## What you should do
Taking the data below, please print only the lines from the line holding "Mustafa Alper için" to the line holding "- التصميم: حقيبة", inclusive, with pictures omitted.
---
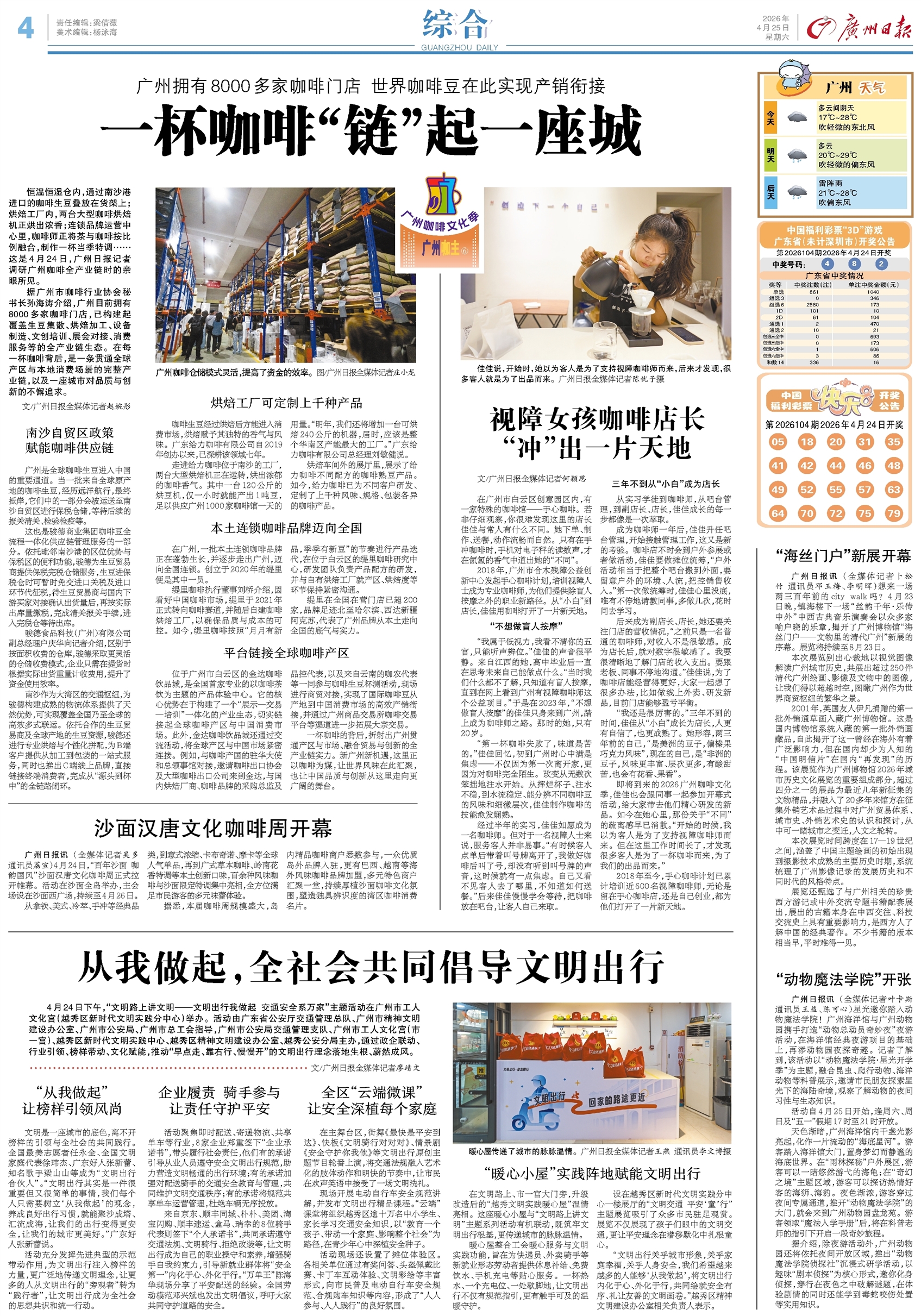 - 一杯咖啡“链”起一座城 恒温恒湿仓内,通过南沙港进口的咖啡生豆叠放在货架上;烘焙工厂内,两台大型咖啡烘焙机正烘出浓香;连锁品牌运营中心里,咖啡师正将茶与咖啡按比例融合,制作一杯当季特调……这是4月24日,广州日报记者调
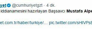 Trafik kazasında hayatını kaybeden Denizli Cumhuriyet Başsavcısı Mustafa Alper için Cumhuriyet Gazetesi resmi Twitter hesabından atılan çirkin tweet sebebiyle tutuklanarak cezaevine konan Cumhuriyet Gazetesi internet genel yayın yönetmeni Oğuz Güven hakkındaki soruşturma tamamlandı. Trafik kazasında hayatını kaybeden Denizli Cumhuriyet Başsavcısı Mustafa Alper hakkında Cumhuriyet Gazetesi resmi Twitter hesabından atılan “İlk …
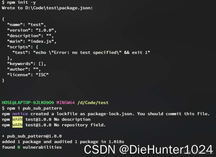 以之前写的PubSubPattern(发布订阅)为例子,在文件夹中 npm init -y 新建package.json文件,并配置name,version等
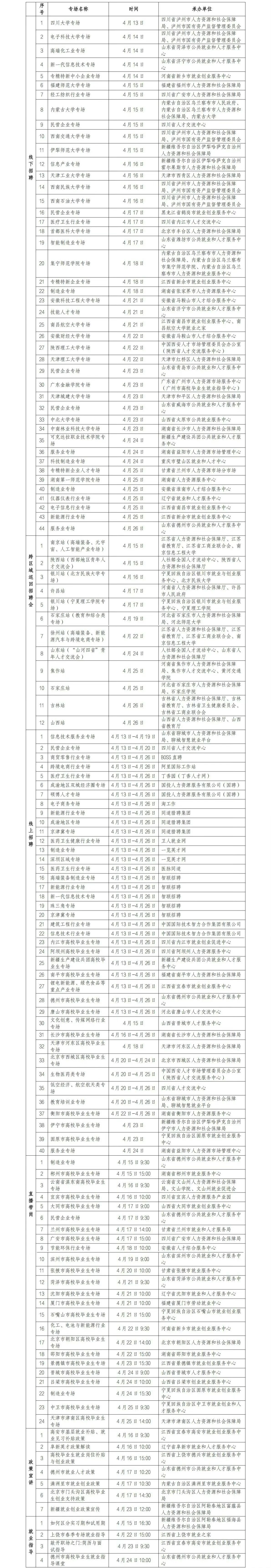 职引未来——2026年全国城市联合招聘高校毕业生春季专场活动启动以来,人力资源社会保障部组织各地各有关机构陆续推出84场面向先进制造、医疗卫生、信息技术、现代服务、新能源等重点行业和京津冀、珠三角、成渝地区等重点区域的线上线下专场(校园)招聘会,12场跨区域巡回招聘会,24场直播带岗,11场政策宣讲和就业指导,共计131场活动,全力为高校毕业生提供有针对性的多元化就业服务支持。
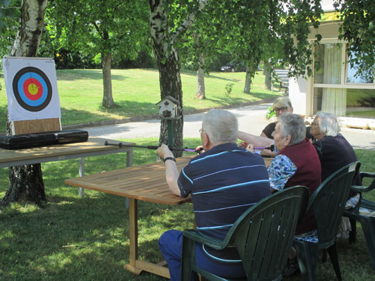 Aussi étonnant que cela puisse paraître l’activité sarbacane permet de garder la forme. Sous la forme du jeu, voire de la compétition entre les résidents, Catherine a mis en place cette activité qui entre dans la catégorie des activités physiques adaptées. Avec un minimum d’encadrement, tirer à la sarbacane est accessible à l’ensemble des personnes vivant en établissement de retraite. La sarbacane est un moyen naturel pour développer la force des organes internes en travaillant le souffle. Catherine détaille la technique pour une bonne utilisation de la sarbacane ainsi que ses bienfaits.
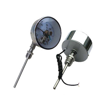 電接點雙金屬溫度計是基于繞制成環性彎曲狀的雙金屬片組成。一端受熱膨脹時,帶動指針旋轉,工作儀表便顯示出熱點勢所應的溫度值。
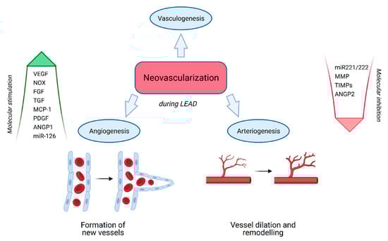 Neovascularization during LEAD. Angiogenesis, described as the process of new capillary formation from pre-existing capillary beds, and arteriogenesis, the process of vessel dilation and remodeling, can be distinguished during LEAD. The most important molecular factors described in this article that can stimulate or inhibit the neovascularization process are presented. Created with BioRender.
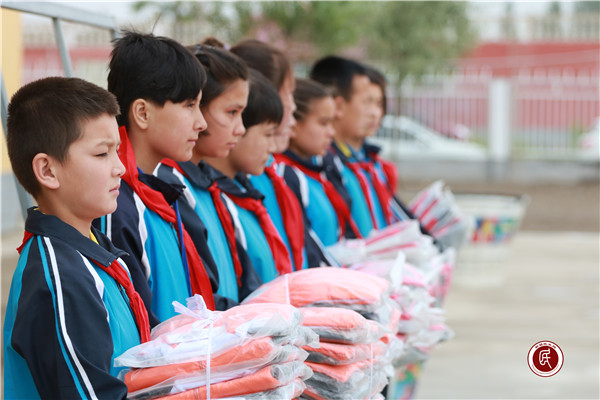 为改善贫困家庭孩子的生活条件,帮助他们树立自信、自立、自强的信念,2018年5月21日,国家发展改革委向新疆贫困少年儿童献爱心活动,自治区发展改革委“访惠聚”驻村工作队向荒地镇中学少年儿童献爱心活动,自治区发展改革委民族团结一家亲“恒爱行动”献真情活动在莎车县荒地镇中学隆重举行,向广大贫困学生捐赠崭新的运动服200套,毛纺织品40余件、毛线10小包等。
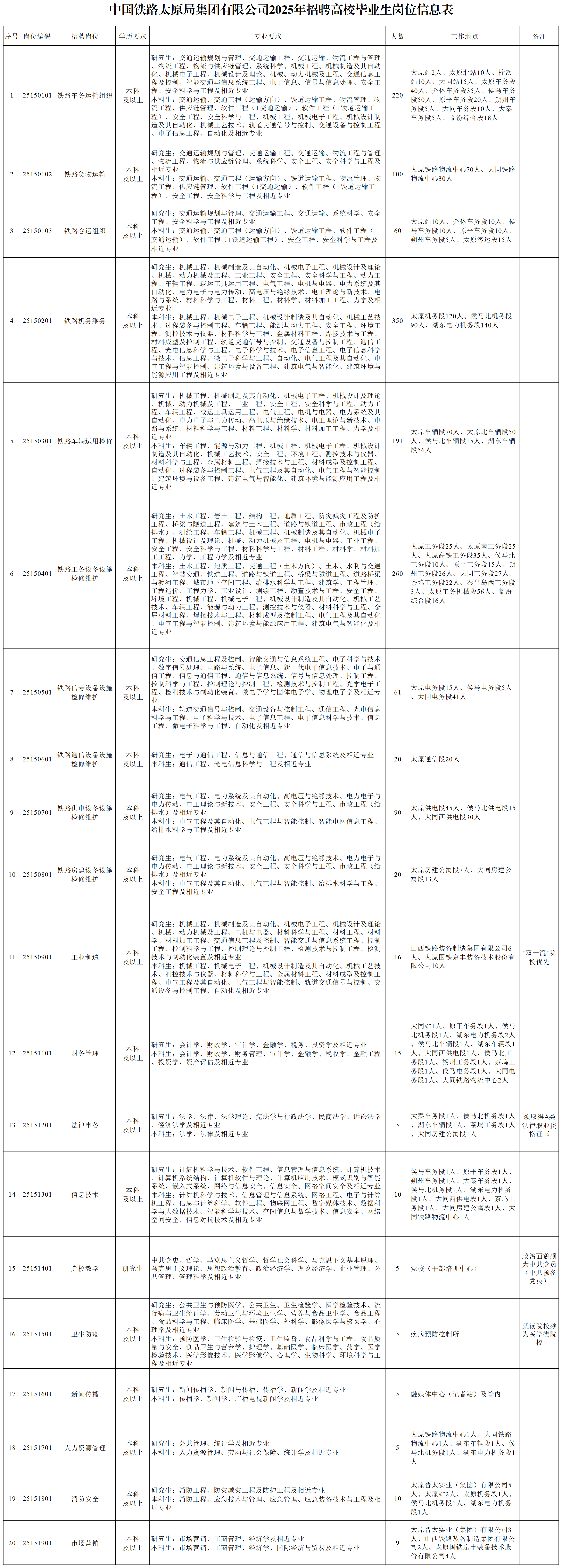 2024-11-02 14:37:50閱讀()中國鐵路太原局集團(tuán)有限公司根據(jù)企業(yè)發(fā)展需要,現(xiàn)將2025年普通高等院校研究生和全日制本科學(xué)歷畢業(yè)生招聘有關(guān)事項(xiàng)公告如下:
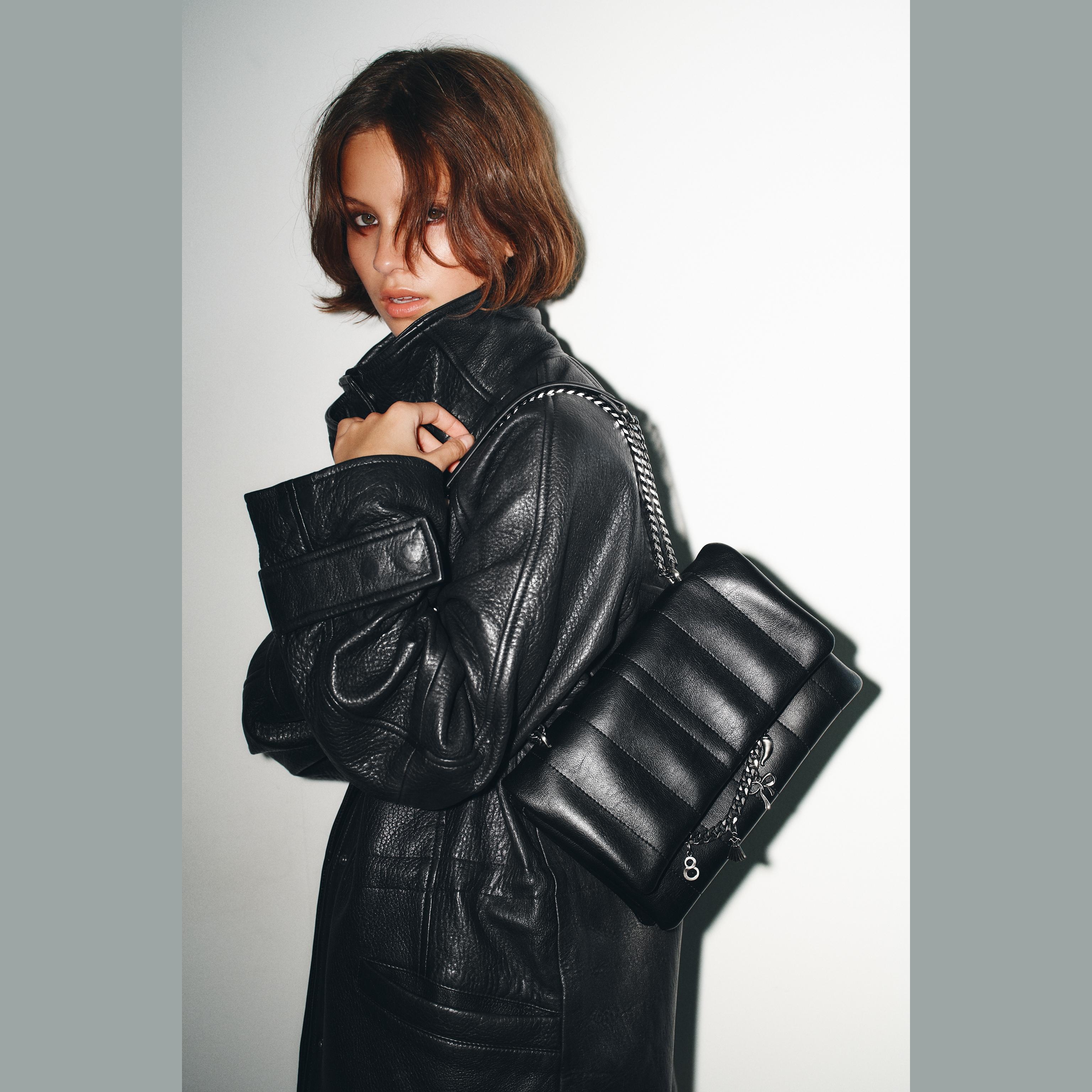 - التصميم: حقيبة كروس مبطنة (Quilted Crossbody Bag) مع سلسلة مزينة بتعليقات
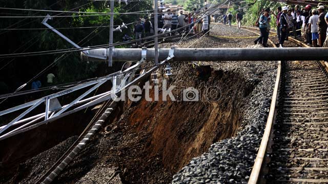 Jakarta - Akibat tanah longsor, rel KA sepanjang 50 meter amblas sedalam 20 meter, tanpa mengindahkan keselamatan puluhan warga menyemut di lokasi kejadian, Kamis (22/11).
---
## Answer box
 Trafik kazasında hayatını kaybeden Denizli Cumhuriyet Başsavcısı Mustafa Alper için Cumhuriyet Gazetesi resmi Twitter hesabından atılan çirkin tweet sebebiyle tutuklanarak cezaevine konan Cumhuriyet Gazetesi internet genel yayın yönetmeni Oğuz Güven hakkındaki soruşturma tamamlandı. Trafik kazasında hayatını kaybeden Denizli Cumhuriyet Başsavcısı Mustafa Alper hakkında Cumhuriyet Gazetesi resmi Twitter hesabından atılan “İlk …
 以之前写的PubSubPattern(发布订阅)为例子,在文件夹中 npm init -y 新建package.json文件,并配置name,version等
 职引未来——2026年全国城市联合招聘高校毕业生春季专场活动启动以来,人力资源社会保障部组织各地各有关机构陆续推出84场面向先进制造、医疗卫生、信息技术、现代服务、新能源等重点行业和京津冀、珠三角、成渝地区等重点区域的线上线下专场(校园)招聘会,12场跨区域巡回招聘会,24场直播带岗,11场政策宣讲和就业指导,共计131场活动,全力为高校毕业生提供有针对性的多元化就业服务支持。
 Aussi étonnant que cela puisse paraître l’activité sarbacane permet de garder la forme. Sous la forme du jeu, voire de la compétition entre les résidents, Catherine a mis en place cette activité qui entre dans la catégorie des activités physiques adaptées. Avec un minimum d’encadrement, tirer à la sarbacane est accessible à l’ensemble des personnes vivant en établissement de retraite. La sarbacane est un moyen naturel pour développer la force des organes internes en travaillant le souffle. Catherine détaille la technique pour une bonne utilisation de la sarbacane ainsi que ses bienfaits.
 電接點雙金屬溫度計是基于繞制成環性彎曲狀的雙金屬片組成。一端受熱膨脹時,帶動指針旋轉,工作儀表便顯示出熱點勢所應的溫度值。
 Neovascularization during LEAD. Angiogenesis, described as the process of new capillary formation from pre-existing capillary beds, and arteriogenesis, the process of vessel dilation and remodeling, can be distinguished during LEAD. The most important molecular factors described in this article that can stimulate or inhibit the neovascularization process are presented. Created with BioRender.
 为改善贫困家庭孩子的生活条件,帮助他们树立自信、自立、自强的信念,2018年5月21日,国家发展改革委向新疆贫困少年儿童献爱心活动,自治区发展改革委“访惠聚”驻村工作队向荒地镇中学少年儿童献爱心活动,自治区发展改革委民族团结一家亲“恒爱行动”献真情活动在莎车县荒地镇中学隆重举行,向广大贫困学生捐赠崭新的运动服200套,毛纺织品40余件、毛线10小包等。
 2024-11-02 14:37:50閱讀()中國鐵路太原局集團(tuán)有限公司根據(jù)企業(yè)發(fā)展需要,現(xiàn)將2025年普通高等院校研究生和全日制本科學(xué)歷畢業(yè)生招聘有關(guān)事項(xiàng)公告如下:
 - التصميم: حقيبة كروس مبطنة (Quilted Crossbody Bag) مع سلسلة مزينة بتعليقات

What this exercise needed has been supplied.